Top of Provided data

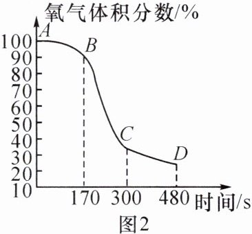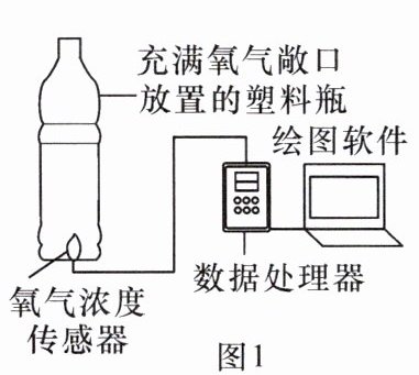 (1)如图1,打开氧气浓度传感器的开关,实验进行至170 s时绘制出图2中曲线AB段,接下来用手给塑料瓶外壁加热130 s,绘制出曲线BC段,对比曲线AB段和BC段,分析推理氧分子具有的特征是_______。
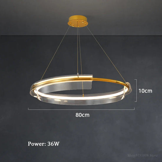 Notre lustre LED de luxe simple anneau dimmable transforme instantanément n'importe quel environnement en un espace moderne et accueillant. Que ce soit dans un salon, une salle à manger, une chambre ou un espace de travail, il vous garantira un éclairage adéquat et un charme indéniable.
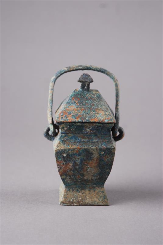 該墓藏酒器多是一個突出的特點,酒器類的器物則應(yīng)有盡有,既有飲酒用的爵、觚、角、觶,也有盛酒用的尊、觥、卣、罍。還有溫酒用的斝,取酒用的勺以及盛酒或酒水調(diào)和用的盉[hé]等。尤其是“長子口銅提梁卣”的發(fā)現(xiàn),成為古墓最有特色的隨葬品之一。該文物是西周早期文物,通高30厘米,口長直徑13.5厘米,短徑10.8厘米。器體橢圓,拱形扁提梁,兩端有環(huán)與器兩側(cè)半環(huán)狀耳套接。蓋內(nèi)壁和器內(nèi)底均有銘文“長子口”3字。出土?xí)r器內(nèi)有1000克左右的液體,經(jīng)過檢測得知所盛是酒。

Bottom of Provided data

**Task prompt**.
Full transcription of the material, exact in every line, without images.

**Response to this exercise**.
 (1)如图1,打开氧气浓度传感器的开关,实验进行至170 s时绘制出图2中曲线AB段,接下来用手给塑料瓶外壁加热130 s,绘制出曲线BC段,对比曲线AB段和BC段,分析推理氧分子具有的特征是_______。
 Notre lustre LED de luxe simple anneau dimmable transforme instantanément n'importe quel environnement en un espace moderne et accueillant. Que ce soit dans un salon, une salle à manger, une chambre ou un espace de travail, il vous garantira un éclairage adéquat et un charme indéniable.
 該墓藏酒器多是一個突出的特點,酒器類的器物則應(yīng)有盡有,既有飲酒用的爵、觚、角、觶,也有盛酒用的尊、觥、卣、罍。還有溫酒用的斝,取酒用的勺以及盛酒或酒水調(diào)和用的盉[hé]等。尤其是“長子口銅提梁卣”的發(fā)現(xiàn),成為古墓最有特色的隨葬品之一。該文物是西周早期文物,通高30厘米,口長直徑13.5厘米,短徑10.8厘米。器體橢圓,拱形扁提梁,兩端有環(huán)與器兩側(cè)半環(huán)狀耳套接。蓋內(nèi)壁和器內(nèi)底均有銘文“長子口”3字。出土?xí)r器內(nèi)有1000克左右的液體,經(jīng)過檢測得知所盛是酒。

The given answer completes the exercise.